Original bittern A is evaporated, can be passed to be stacked with the salt pan for being dehydrated saltcake after concentration process, detects simultaneously The concentration of sulfate ion in bittern, (avoiding excessive concentration or too low).Dehydration saltcake adds so that bittern exists in this step During flowing through dehydration saltcake, dehydration saltcake absorbs the moisture content in bittern, is gradually transformed into mirabilite hydrate, while has part de- The dissolving of water saltcake enters in bittern, and follow-up winter freezes nitre process mirabilite hydrate high efficiency and separated out, and takes mass crystallization water out of, carries rapidly Lithium enrichment rate is risen, so that the whole process time shortens more than 2 months.It can be ten that freezing and crystallizing separates out to be dehydrated saltcake Water saltcake is dehydrated obtained thenardite or partially dehydrated saltcake after weathering.These saltcake can utilize carbonate brine to handle The saltcake that process salt pan voluntarily produces, without outsourcing.The saltcake that salt pan voluntarily produces need to be only deposited directly on without especially handling Somewhere, it is dehydrated, either dehydration or partially dehydrated completely, is can use in this step by weathering.Saltcake is dehydrated to add Process, the concentration range for controlling sulfate ion are crucial.Dehydration saltcake, which adds, excessively can cause sulfate ion to increase easily Cause to produce lithium sulfate complex salt, so as to influence subsequently to be enriched with lithium ion.And it is inadequate to be dehydrated saltcake addition, subsequently freezing nitre mistake Journey, mirabilite hydrate eduction rate is low to be influenceed to be concentrated by evaporation speed, delay the speed of enriching lithium process.

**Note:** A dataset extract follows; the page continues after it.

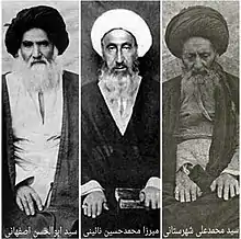 میرزا حسین نائینی، شیخ الاسلام محمدحسین نائینی زاده ۲۶ خرداد ۱۲۳۹ (۲۷ ذیقعده ۱۲۷۶ قمری) در نائین[1] - درگذشته ۲۳ مرداد ۱۳۱۵ (۲۶ جمادیالاول ۱۳۵۵ قمری) در نجف مرجع تقلید شیعه بود که بعد از درگذشت فتحالله غروی اصفهانی، مرجعیت عامه شیعه را بر عهده داشت. او با نوشتن رسالهٔ تنبیهالامه و تنزیهالمله نقش مهمی در تثبیتِ نظری جنبش مشروطه انجام داد.

It is above-mentioned deep lake salt field is imported when lithium concentration reaches 1.2g/L~1.8g/L procedure declaration it is as follows:First, Optium concentration by lot of experiments checking lithium ion is 1.5g/L, and actual production process lithium concentration is close to 1.5g/L Preferable effect is obtained, such as is preferable condition between 1.45g/L~1.55g/L.Secondly, in actual production process, according to season Section is different, and the height of environment temperature is, it is necessary to which the lithium concentration of control can change.Until season is transferred to autumn, although Autumn, but environment temperature is not perhaps stable state, i.e. and environment temperature may be higher, it is also possible to relatively low, it should among reality When the temperature of bittern imports deep lake salt field to control.Experiment law is summarized to find, when season is transferred to autumn, environment temperature compared with Height, when bittern minimum temperature is more than 5 DEG C, lithium concentration can be controlled and import deep lake salt field close to 1.2g/L, for example, 1.2g/L~1.5g/L;Autumn is transferred to when season, environment temperature is relatively low, can control lithium concentration and be imported close to 1.8g/L Deep lake salt field, for example, 1.5g/L~1.8g/L.No matter how environment temperature changes during the seasonal variations of plateau, control lithium from Sub- concentration is that lithium separates out not in the form of carbonic acid lithium minerals for the foundation of which scope.
Dilute bittern in the first step uses the original bittern of carbonate-type, and wherein lithium concentration is close to 0.16g/L;Or Certain phase is concentrated to using from the original bittern evaporation of carbonate-type, wherein lithium concentration is less than 1.2g/L bittern.This is specially Dilute bittern mentioned by profit application context is dilute bittern defined in this section.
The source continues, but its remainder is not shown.